The haunting thriller: Rosamund Lupton’s first book, Sister, was snapped up by thousands of readers in 2010. She’s now followed it with AFTERWARDS (Piatkus, £7.99), the story of Grace Covey and her teenage daughter Jenny, who are both catastrophically injured in a school fire. Original and heartrending, Lupton’s second book definitely lives up to her first.

The classy read: Anne Enright’s prose flows so smoothly and eloquently that she makes writing look effortless. In THE FORGOTTEN WALTZ (Jonathan Cape, £16.99), the 2007 Man Booker winner chronicles a love affair that wrecks two marriages in modern-day Dublin. Narrated by Gina, who’s married to steady Conor but in love with the more complicated Seán, it’s a pleasure from start to finish.

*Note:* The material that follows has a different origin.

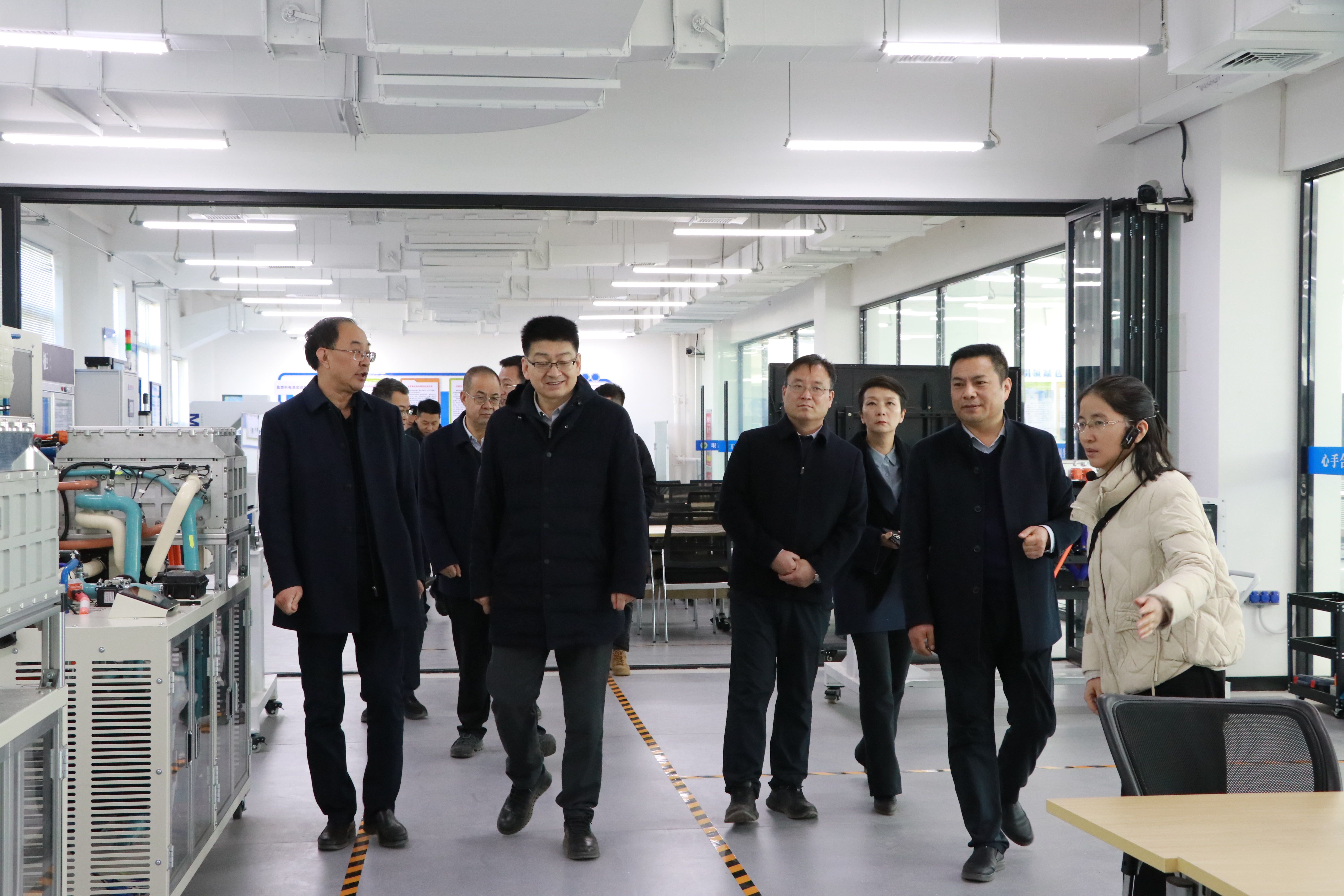 韓高年一行先后考察參觀了學(xué)校新能源科技館、現(xiàn)代農(nóng)業(yè)生產(chǎn)實訓(xùn)基地、智能制造實訓(xùn)中心、應(yīng)急管理產(chǎn)業(yè)學(xué)院等校內(nèi)實訓(xùn)場地,詳細了解學(xué)校專業(yè)建設(shè)發(fā)展情況。韓高年充分肯定了我校辦學(xué)成效,并對我校成功升格本科層次職業(yè)學(xué)校表示祝賀,分享了蘭州城市學(xué)院在本科專業(yè)綜合改革與科研平臺建設(shè)方面的寶貴經(jīng)驗。他希望以此為契機,開啟兩校多領(lǐng)域、深層次的交流合作新篇章。

PS: With its beach huts, seagulls and zingy sun umbrellas my new Emma Bridgewater mug (above) reminds me of summer. But more importantly, the story behind it is an intensely moving one. Alice Pyne, a 15 year old girl who is terminally ill, put together a “bucket list” of things she wanted to do with her life – a list read by millions around the world when it was posted on Facebook earlier this year. One of Alice’s wishes was to design an Emma Bridgewater mug – and this is the stunning result. It’s inspired by Alice’s summer holiday last year in Torquay, organised by Torbay Holiday Helpers Network (an organisation committed to running free, action-packed holidays for seriously ill children). Emma Bridgewater is donating the £10 profit from each £19.95 mug to THHN.